The icy regions of the Rwenzoris certainly fit this description. Straddling the border between Uganda and the Democratic Republic of the Congo, the glaciers there remain largely unmapped and under-studied by scientists due in part to their remoteness and the long conflict on the Congolese side. To get there, Thymann – whose photographic work normally graces magazines like i-D and Wired – traveled eight hours overland from Kampala, where the foothills first begin to emerge from the hot, humid rainforests. There, he joined rangers from the Rwenzori Mountain Service for a nine-day expedition to the summits of Mt Speke, Mt Stanley and Mt Baker: fabled highlands which were labelled on early maps as the ‘Mountains of the Moon’ by cartographers like Ptolemy. As Thymann points out, the ancient name fits perfectly given the stark contrast to the rest of Africa.

“Climbing up through the jungle was surreal and beautiful,” he recalls. “In about a day’s walk you can go from seeing chameleons to seeing glaciers.”

Project Pressure
Project Pressure

After photographing the glaciers on the Ugandan side (and carefully noting their GPS co-ordinates and a bearing, as he does for each image), Thymann and the team set out to cross the border.

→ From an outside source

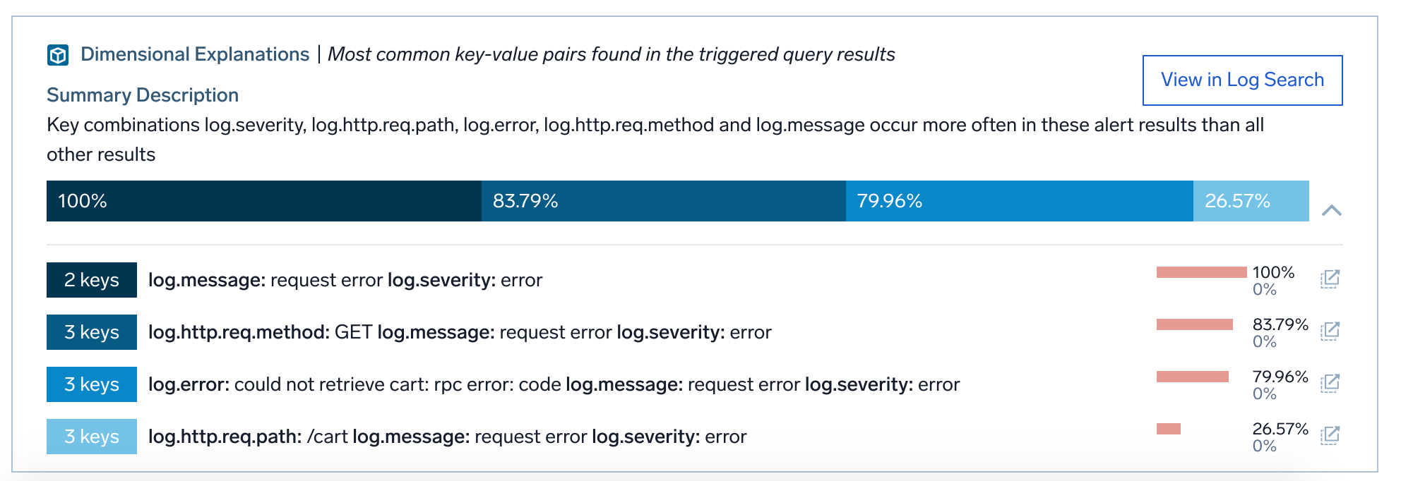 This card analyzes log data and surfaces dimensions/key-value pairs that might help explain the alert. In our case, the card is showing that ~80% of the alert logs have field log.Error =“could not retrieve cart: rpc error: code”, signifying that something is wrong with the cart service. It also provides drill-down links to view the log messages and get more details.

Using the trail from an outdated topographical map from the 1980s overlaid onto a modern GPS, they forged a path into the Congo. After hours of often laborious trekking and hacking through foliage, the team finally emerged to a view of the range’s Western slopes.

“Seeing these glaciers, as possibly the first people to see them in decades, was a special moment,” says Thymann. “Instead of just documentation, the expedition became one of exploration and discovery. We started Project Pressure as an art and public awareness project, but the more we talk to scientists the more we’re realising that these images can provide a valuable source of data for researchers, especially in places where such data is scarce.”

Project Pressure
Project Pressure

Having already visited Montana and Alaska in the US, plus Argentina, Ecuador, Switzerland, Spain, Greenland and Nepal, the project’s expedition phase is now well on its way to completion. Once Papua New Guinea, Bolivia, Kamchatka and a handful of other sites have been documented, the photographs will form a touring exhibition and, alongside images from NASA, a global glacier atlas. Perhaps most exciting for those inspired to follow in Thymann’s footsteps will an interactive online tool, where members of the public will be able to upload and compare their images, building a valuable timeline of these fragile white spaces.